Sunday 20 November 2011

Gifts


I have just come back from a visit to my local town centre; depressing and enjoyable in equal measure.  Enjoyable because it was a bright, if somewhat cold, and it felt good to be among people busy with the routine excitement of a Saturday outing.  Depressing because of the forced jollity of the seasonal decorations that far from being a reason for good cheer somehow seemed to remind you that we needed it if only to counter a general mood of economic malaise.  

And so to shopping – not for the essentials but for those other things that allegedly brighten the day – gifts.  

Conventional wisdom has it that gifts are a wonderful thing. The recipient and the giver are both blessed, or so it is often believed. And buying gifts definitely benefits the retail sector and therefore  the economy. (Though as far as the economy goes, what’s important is that people spend their money on buying things. The giving of whatever has been bought as a gift is not necessary for any economic stimulus – unless it is a battery operated thingy, in which case it is good for the battery trade.

But conventional wisdom is subject to the corrosive effect of convention.  Routine and custom gives rise to perfunctory duty rather than joyous spontaneity in much the same way that familiarity breeds contempt.  Expectation of a gift leaves the recipient vindicated rather than fulfilled if the gift materialises at all and disappointed if it does not.  A sense of obligation to give converts what might have been a voluntary and joyous act into a reluctantly discharged duty.

In A Thousand Splendid Suns Khalid Hosseini describes the gifts that Jalil makes to his illegitimate daughter as ‘half-hearted tokens of penance, insincere, corrupt gestures meant more for his own appeasement than hers..’; ouch!

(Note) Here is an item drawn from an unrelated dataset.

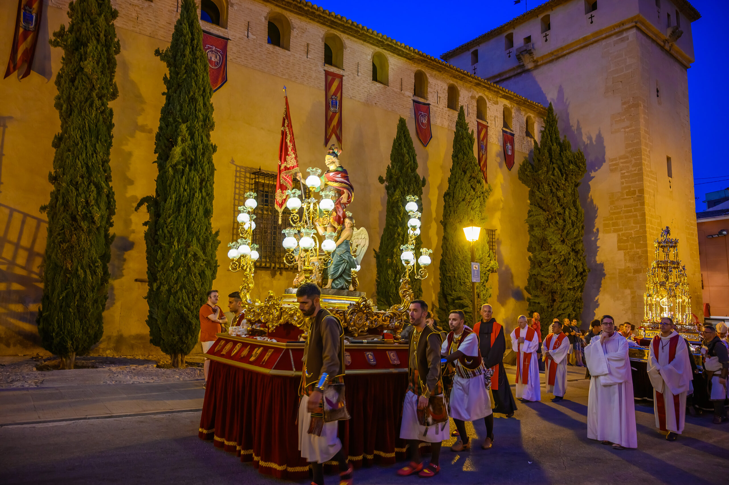 El 10 de mayo del 1600, el Consejo General se reúne bajo la autoridad de la Justicia y, por unanimidad, aprueban que se celebre la fiesta del patrón el día 13 de agosto, día en que San Hipólito fue martirizado. Las manifestaciones festivas van ampliándose a lo largo de los siglos, configurándose la celebración hasta tomar la forma que hoy tiene, una gran y arraigada fiesta de Moros y Cristianos.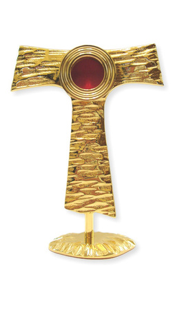 Gilded brass reliquary in the shape of the Franciscan symbol "tau" with a height of 20 cm

With marriages, anniversaries, birthdays, Divali, and now Christmas, not to mention special days like father’s day, mothers day and the soon –to-come new year’s day presenting not-to-be-missed opportunities for giving and receiving , the potential for trouble is immense. The appropriate gift must be chosen, bought, packaged and presented with the right element  of generosity. The recipient has to show the right degree of surprised pleasure taking great care to hide any disappointment at the choice of gift. 

Altogether too many opportunities for getting things wrong with serious consequences for 
social and family relationships.

A few of us discussed this over dinner one day and came up with a set of Rules of Gifts (based loosely on Isaac Asimov’s rules of robotics). I propose that universal acceptance of these rules  will promote harmony, reduce conflict and enhance relationships.
Rule 1. The potential Giver has the right but not the obligation to make a gift.
Rule 2. Once a Gift has been given, the Recipient has sole rights over its fate.
Rule 3. The Receiver has a duty to accept the gift in the spirit in which it is given but has no further obligation to the Giver.
Rule 4. All other parties are irrelevant to the transfer of the gift from the giver to the receiver.

And that is my gift to the thorny problem of gift-giving.